• _Dataset extract_
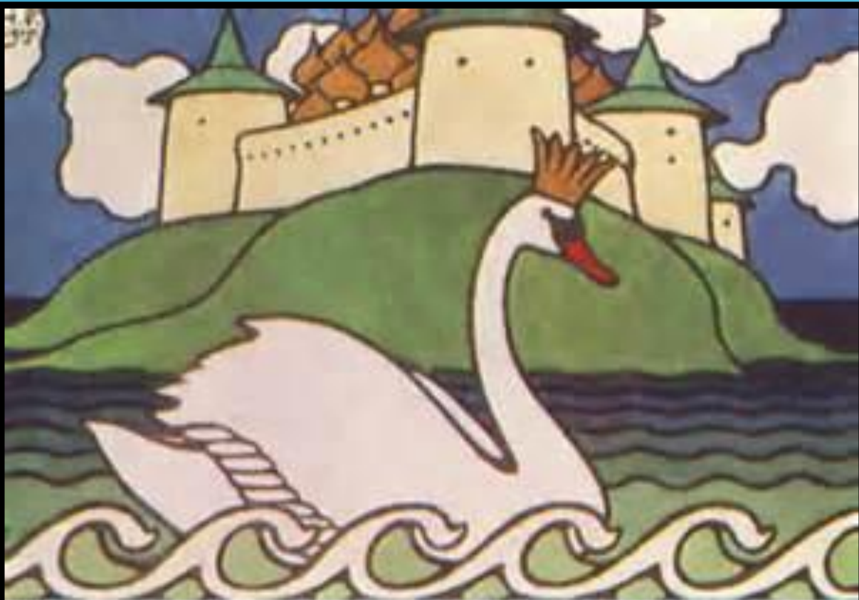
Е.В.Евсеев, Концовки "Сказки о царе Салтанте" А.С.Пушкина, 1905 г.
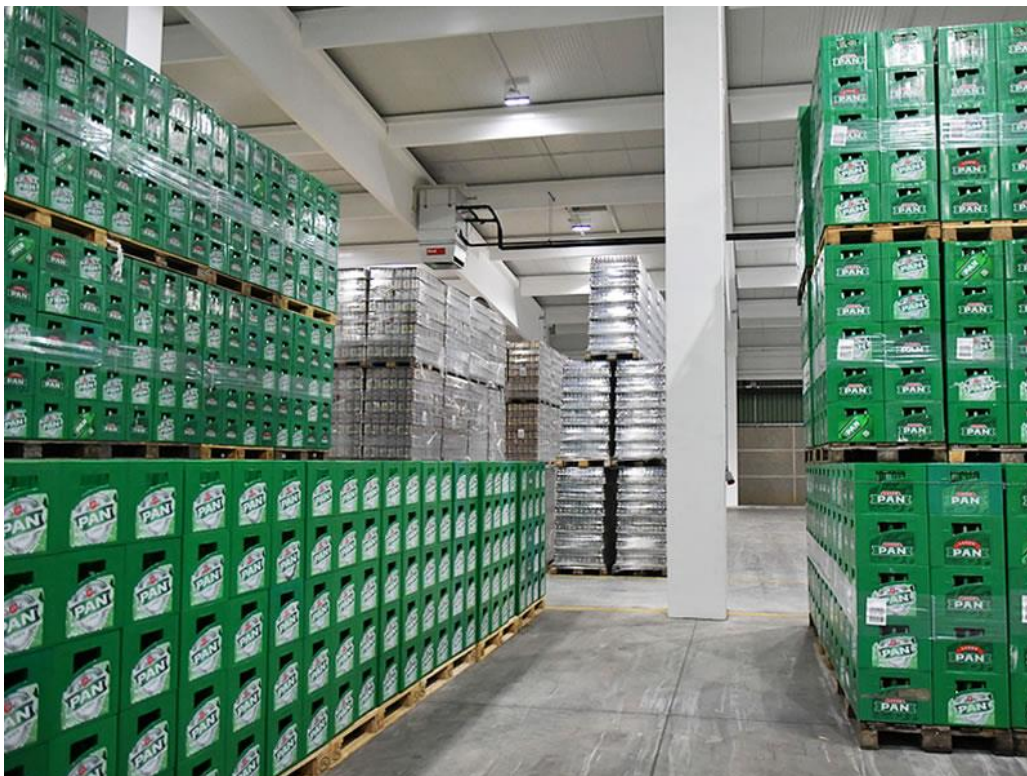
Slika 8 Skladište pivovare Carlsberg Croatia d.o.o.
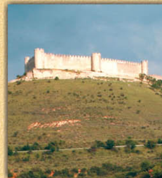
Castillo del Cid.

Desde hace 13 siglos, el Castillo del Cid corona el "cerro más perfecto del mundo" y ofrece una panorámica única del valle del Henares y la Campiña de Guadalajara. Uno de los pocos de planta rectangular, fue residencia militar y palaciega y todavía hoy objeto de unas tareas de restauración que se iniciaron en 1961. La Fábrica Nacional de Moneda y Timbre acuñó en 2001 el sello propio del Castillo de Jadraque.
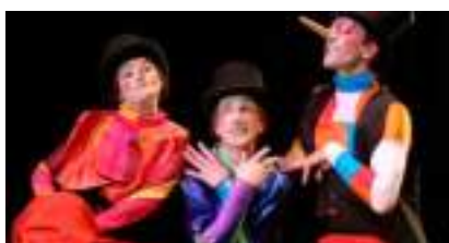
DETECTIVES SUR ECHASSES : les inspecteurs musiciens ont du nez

---

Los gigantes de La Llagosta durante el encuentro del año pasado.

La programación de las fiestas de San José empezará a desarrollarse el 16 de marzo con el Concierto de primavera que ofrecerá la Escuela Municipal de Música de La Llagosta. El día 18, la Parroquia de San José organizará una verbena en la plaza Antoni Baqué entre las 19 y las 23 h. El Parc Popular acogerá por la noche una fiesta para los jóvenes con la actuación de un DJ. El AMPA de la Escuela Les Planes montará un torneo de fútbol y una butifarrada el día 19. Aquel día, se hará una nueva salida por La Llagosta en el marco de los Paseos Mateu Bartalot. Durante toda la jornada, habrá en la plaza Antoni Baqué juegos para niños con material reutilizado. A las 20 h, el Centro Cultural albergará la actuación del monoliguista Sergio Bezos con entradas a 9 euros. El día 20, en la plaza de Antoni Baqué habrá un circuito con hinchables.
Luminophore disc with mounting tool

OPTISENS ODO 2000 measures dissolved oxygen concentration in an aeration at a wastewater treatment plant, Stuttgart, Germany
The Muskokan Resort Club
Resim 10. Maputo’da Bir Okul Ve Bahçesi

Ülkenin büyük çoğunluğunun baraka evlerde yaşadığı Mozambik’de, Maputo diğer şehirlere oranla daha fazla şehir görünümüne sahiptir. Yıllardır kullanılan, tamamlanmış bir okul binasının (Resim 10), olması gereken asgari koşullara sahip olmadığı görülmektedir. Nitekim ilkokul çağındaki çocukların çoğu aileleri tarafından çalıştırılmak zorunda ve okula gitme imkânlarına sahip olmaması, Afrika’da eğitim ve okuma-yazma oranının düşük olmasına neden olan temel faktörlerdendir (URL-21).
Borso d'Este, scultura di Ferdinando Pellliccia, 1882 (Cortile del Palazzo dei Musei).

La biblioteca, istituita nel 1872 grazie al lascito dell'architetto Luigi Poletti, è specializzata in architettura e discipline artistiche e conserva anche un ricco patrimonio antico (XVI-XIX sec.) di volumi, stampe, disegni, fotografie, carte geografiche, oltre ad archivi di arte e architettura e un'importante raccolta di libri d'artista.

• _Task details_
Give back, unchanged, the run of lines in the listing above that begins at the line containing "Castillo del Cid." and ends at the line containing "Desde hace 13", both included.

• _Exercise solution_
Castillo del Cid.

Desde hace 13 siglos, el Castillo del Cid corona el "cerro más perfecto del mundo" y ofrece una panorámica única del valle del Henares y la Campiña de Guadalajara. Uno de los pocos de planta rectangular, fue residencia militar y palaciega y todavía hoy objeto de unas tareas de restauración que se iniciaron en 1961. La Fábrica Nacional de Moneda y Timbre acuñó en 2001 el sello propio del Castillo de Jadraque.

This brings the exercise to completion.